# Audio Signal Classification using Long Short-Term Memory (LSTM) in TensorFlow

In this notebook, we'll cover the basics of audio signal classification using an LSTM model in TensorFlow. We'll use a preloaded dataset from `tensorflow_datasets`.

## What is Audio Signal Classification?

Audio signal classification is the task of automatically recognizing and categorizing audio signals into predefined categories. This has a wide range of applications including speech recognition, music genre classification, and environmental sound classification.

## Installing Required Libraries

First, we need to install the required libraries. For this tutorial, we'll use `tensorflow` and `tensorflow_datasets`. You can install these libraries using the following commands:

In [1]:
!pip install tensorflow tensorflow-datasets

## Loading the Dataset

We'll use the `SpeechCommands` dataset available through the `tensorflow_datasets` library. This dataset consists of short audio clips of spoken words.

In [2]:
import tensorflow as tf
import tensorflow_datasets as tfds

# Load the SpeechCommands dataset
(train_data, test_data), info = tfds.load('speech_commands', split=['train', 'test'], with_info=True, as_supervised=True)

print(info)

## Preprocessing the Data

We need to preprocess the audio data by converting it to Mel spectrograms, which are commonly used as input features for audio classification models. We'll also normalize the spectrograms.

In [3]:
def preprocess(audio, sample_rate, label):
    # Convert waveform to spectrogram
    spectrogram = tf.signal.stft(audio, frame_length=256, frame_step=128)
    spectrogram = tf.abs(spectrogram)
    spectrogram = tf.math.log(spectrogram + 1e-10)  # Log scaling
    spectrogram = tf.expand_dims(spectrogram, axis=-1)
    return spectrogram, label

def normalize(spectrogram, label):
    mean = tf.math.reduce_mean(spectrogram)
    stddev = tf.math.reduce_std(spectrogram)
    spectrogram = (spectrogram - mean) / stddev
    return spectrogram, label

# Apply preprocessing to the dataset
train_data = train_data.map(preprocess).map(normalize).cache().prefetch(buffer_size=tf.data.AUTOTUNE)
test_data = test_data.map(preprocess).map(normalize).cache().prefetch(buffer_size=tf.data.AUTOTUNE)
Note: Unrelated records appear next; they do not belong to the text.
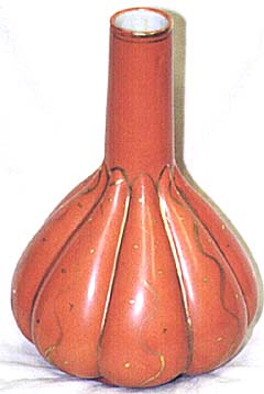 珊瑚紅釉金彩大蒜形長頸瓶(同治年間、AD1862〜1874)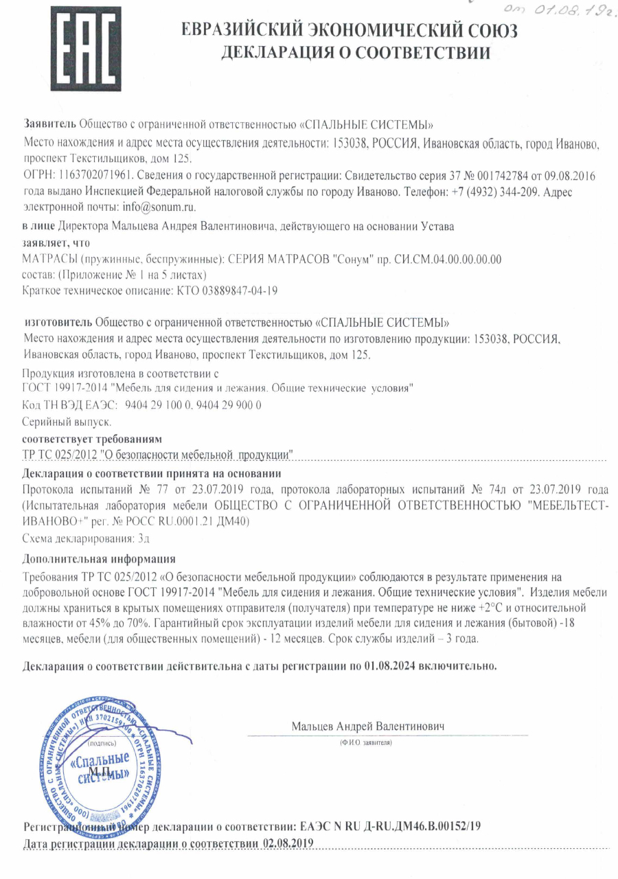 Гарантийные сроки от 18 месяцев до 60 месяцев, с даты, которая указана в накладной, в зависимости от модели матраса
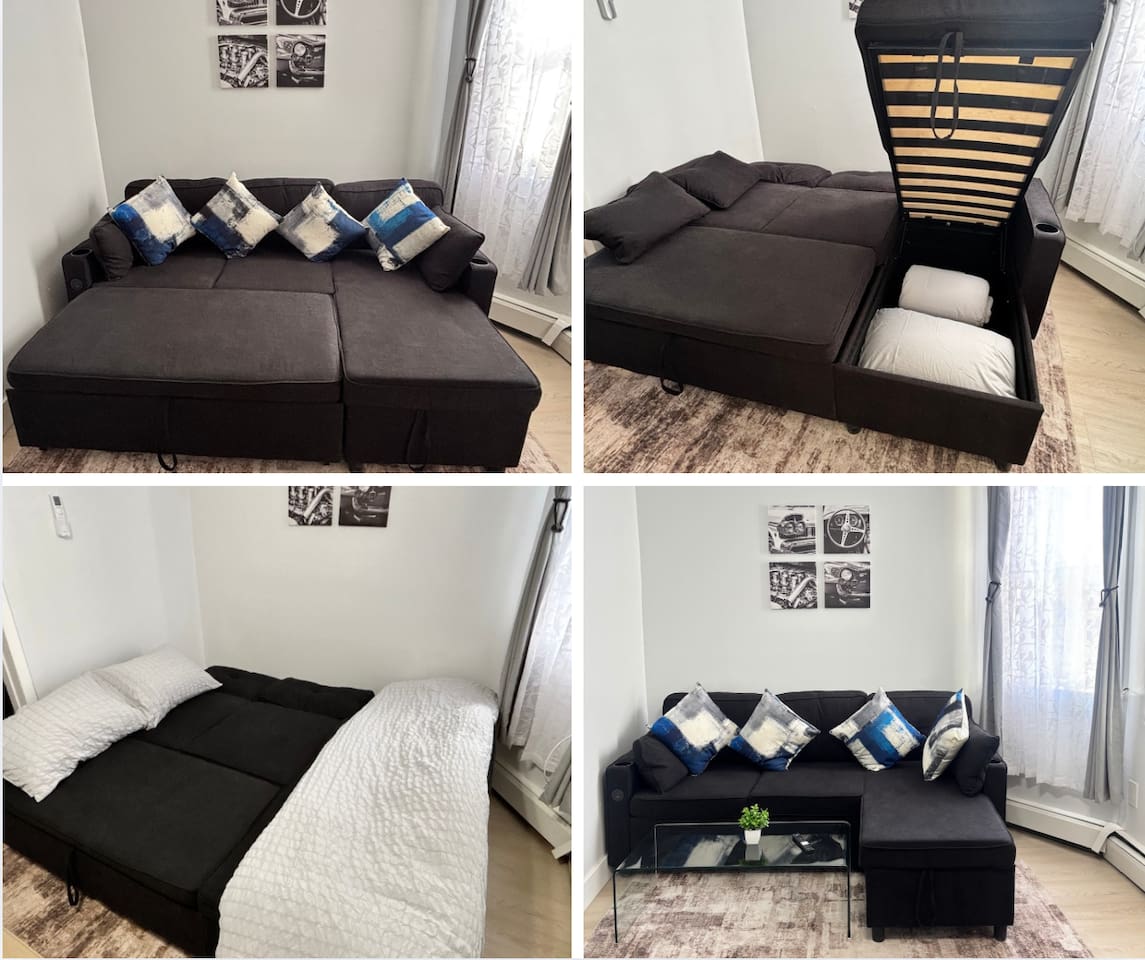 Welcome to this charming 3-bedroom, 1-bath home, conveniently located just a 20-minute drive from MetLife Stadium. Designed with comfort in mind, the master bedroom features a queen bed, workspace, TV, and warm vintage accents. Two additional bedrooms offer cozy queen beds. Relax in the living room with a queen sofa bed, TV, and board games, or enjoy meals in the fully equipped kitchen with a Breakfast corner—ideal for short or extended stays.

## Building the LSTM Model

We'll build a simple LSTM model using TensorFlow. The model will consist of an LSTM layer followed by dense layers.

In [4]:
model = tf.keras.Sequential([
    tf.keras.layers.Input(shape=(None, 129)),  # The input shape depends on the spectrogram dimensions
    tf.keras.layers.LSTM(128, return_sequences=True),
    tf.keras.layers.LSTM(64),
    tf.keras.layers.Dense(256, activation='relu'),
    tf.keras.layers.Dropout(0.5),
    tf.keras.layers.Dense(35, activation='softmax')  # There are 35 classes in the SpeechCommands dataset
])

model.compile(optimizer='adam', loss='sparse_categorical_crossentropy', metrics=['accuracy'])
model.summary()

## Training the Model

We'll train the LSTM model using the preprocessed training data.

In [5]:
history = model.fit(train_data, epochs=10, validation_data=test_data)

## Evaluating the Model

After training the model, we need to evaluate its performance on the test dataset.

In [6]:
loss, accuracy = model.evaluate(test_data)
print(f'Test Accuracy: {accuracy * 100:.2f}%')

## Conclusion

In this notebook, we covered the basics of audio signal classification using an LSTM model in TensorFlow. We used the `SpeechCommands` dataset from `tensorflow_datasets`, preprocessed the audio data, built and trained an LSTM model, and evaluated its performance. With these foundational steps, you can further explore and improve your audio signal classification models.